Wednesday, August 24, 2011

The Portal of Change

The first week of a new approach can be nerve-racking and exciting all at the same time. I couldn't be more pleased with how the first week has gone. The first 3 days were spent experiencing the rationale behind the changes.

Day 1: Mr Miyagi and language learning through immersion (Thank you to whoever posted that idea!)
Day 2: What is a family? Standards-based grading and mentoring
Day 3: What is my grade? Why don't I have a letter grade? Flipping with mastery

A little background on what's different, aside from the above listed items: When I take students abroad, they love the family stay and say they learn the most. We learn our native language in the comfort of our homes surrounded by language users of all levels, novice through proficient. It is the respectful, nurturing environment, negotiation of meaning, and stronger speakers helping weaker speakers that produces a powerful learning environment. Students ranging from levels I, II, III, and IV are mixed in each class period to simulate this and arranged in “families” of each level. Level I learners are the “children”; Level II learners are the “parents”; Level III and IV learners are the “grandparents”. Between families there are also “cousins” and “uncles/aunts” to help, mentor, and ask questions if I am busy.

What I have noticed so far...

* Students are indeed learning from other students.
They are able to hear what more experienced language students are saying and produce the same structures, with meaning, without direct instruction!
* Students are indeed using what they learn from other students and applying it in an immersion situation. The repetition of the conversation and the simple sentences are catching on and staying with them. Even after a short amount of time, students are remembering what they learned the previous day(s) and applying it to what they are learning today for more complex sentences.
* Students who struggled under the previous learning environment are thriving in the immersion experience. Turning in multiple assignments wasn't their way of demonstrating learning; this gives them more hands-on learning. It should also be noted that those who were succeeding before are still succeeding in this environment as well.
* Students are loving the flip class model. After a couple days, some have already completed a course goal and are moving on to the next. They really like not being held back in order to "beating a dead horse", but rather go at their own pace.
* Students still need direction for how to learn independently. After 3 days of instruction, they still asked, "What am I supposed to do?" It is great to be able to sit down with these few students, side-by-side, and walk them through the process.
* Students are already starting to use their older mentors for help. In turn, older students have indeed been learning from the younger students.
* Students have been engaged in educational discussions to redirect their learning in this short beginning phase. The stage is being set for deeper discussions later about their learning process.
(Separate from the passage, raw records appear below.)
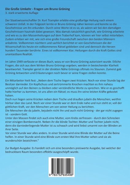 Der Staatswissenschaftler Dr. Kurt Trampler erlebte eine großartige Heilung nach einem schweren Unfall. In der Folgezeit lernte er Bruno Gröning näher kennen und konnte so die Geschehnisse um ihn erkunden. Durch seine Worte ist es so, als wären wir bei den damaligen Geschehnissen hautnah dabei gewesen. Was damals tatsächlich geschah, wie Gröning arbeitete und wie es zu den Massenheilungen auf dem Traberhof kam, können wir hier selbst miterleben. Zudem erleben wir mit, wie sich eine große Freundschaft zwischen den beiden Männern anbahnte. Vollkommen nüchtern und sachlich berichtet er von Geschehnissen, die der Wissenschaft bis heute ein vollkommenes Rätsel geblieben sind und dennoch die Herzen hunderttausender berührte. Eines ist vollkommen klar; Heilungen durch die Kraft Gottes sind unantastbare Realität.Im Jahre 1949 verfasste er dieses Buch, wozu er von Bruno Gröning autorisiert wurde. Etliche Fragen, die sich aus dem Wirken Bruno Grönings ergeben, werden in bestechender Klarheit beantwortet. Trampler geriet in der direkten Nähe Grönings oftmals ins Staunen. Zumeist gab Gröning Antworten und Erläuterungen, noch bevor er seine Fragen stellen konnte.Ein Mitarbeiter hielt fest: "Neben dem Tische liegen zwei Krücken. Noch vor einer Stunde lag der Besitzer darnieder. Ein Kopfschuss und zertrümmerte Knochen machten es ihm nahezu unmöglich, auf den Beinen zu bleiben oder verständliche Worte zu sprechen. Wie er es geschafft hatte hierher zu kommen, ist uns allen ein Rätsel; es muss ihn seine letzten Kräfte gekostet haben.Doch nun liegen seine Krücken neben dem Tische und draußen jubeln die Menschen; weithin hörbar über das Land. Noch vor einer Stunde war er dem Ende nahe und nun steht er, voll der göttlichen Kraft, vor den Menschen, um von seiner Heilung zu berichten. Die Menschen, die da jubeln, bejubeln nicht ihn und auch nicht Gröning - der gar nicht zugegen ist - sondern Gott. Unter den Massen findet sich auch eine Mutter, vom Krebs zerfressen - durch den Schrecken einer einzigen Bombennacht. Neben ihr die blinde Tochter. Mutter und Tochter jubeln nicht, denn die darniederliegende Mutter ist zu schwach und wird liebst umarmt von der Blinden an ihrer Seite.Vor einer Stunde war alles anders. In einer Stunde wird eine Blinde der Mutter auf die Beine helfen. In einer Stunde wird eine Blinde zum ersten Mal ihre Mutter sehen und sie als wunderschön bezeichnen."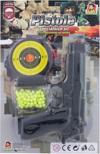 Ciesz się zabawą z tym dziecięcym pistoletem na kulki, który zawiera zapasowe kulki dla niekończącej się gry.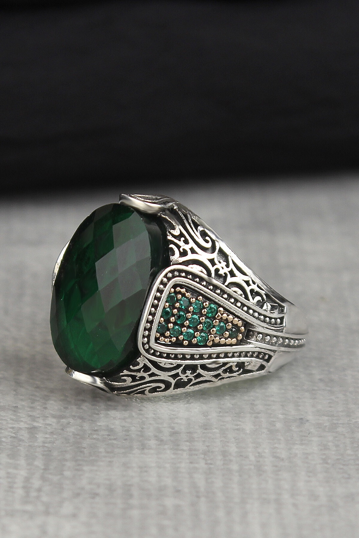 Yeşil Kare Zirkon Taşlı 925 Erkek Gümüş Yüzük Yeşil Kare Zirkon Taşlı 925 Erkek Gümüş Yüzük YZK6651 27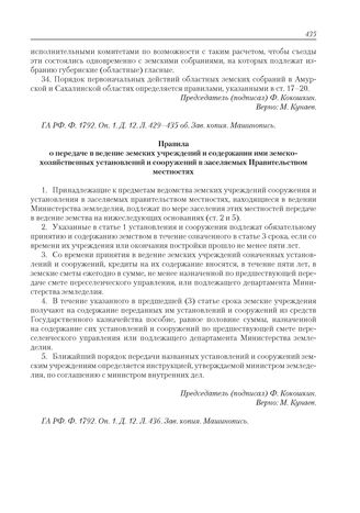 Приложение к журналу № 57. Правила о передаче в ведение земских учреждений и содержании ими земско-хозяйственных установлений и сооружений в заселяемых Правительством местностях // ГА РФ. Ф. 1792. Оп. 1. Д. 12. Л. 436. Зав. копия. Машинопись.

* Discipline issues have been minimal due to focus on learning rather than accumulation of points and task
* More students are on task for longer periods of time. Each has individual goals set and work on those goals until completion. Another goal is set and they work toward that goal. It's all about collecting skills.
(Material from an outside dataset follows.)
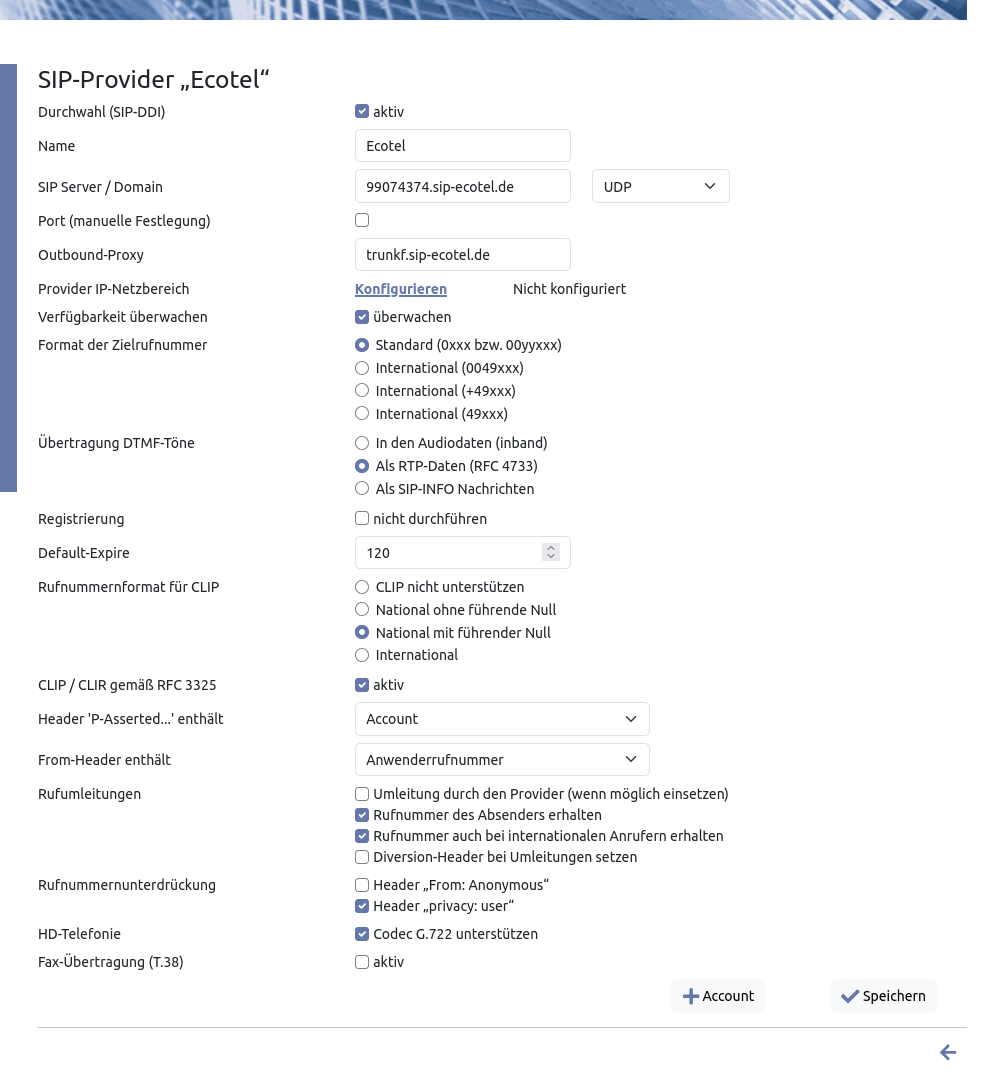 Einstellungen: ecotel sipTrunk (Ecotel Communication AG)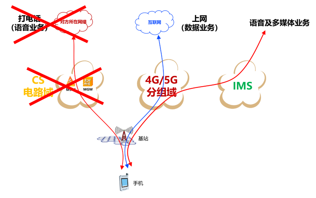 传统的 CS 电路域结构,非常死板,承载能力也十分有限,存在话务溢出严重、并发能力差、无法智能路由切换、接通率低、应急保障修复能力差等问题。

The photos show the kids in action! There is the family environment with mentoring, immersion conversation, and flipped environment.

While this all sounds great and we're ready to get all you readers signed up, I am well aware that this is the "honeymoon" period and the wheels may very well fall off at some point. For now, I am excited for the where the possibilities are leading and it is all falling together as I had planned and hope! My next step is to complete a video for the parents to get on board with what we are doing in class and understand how their learner will be assessed.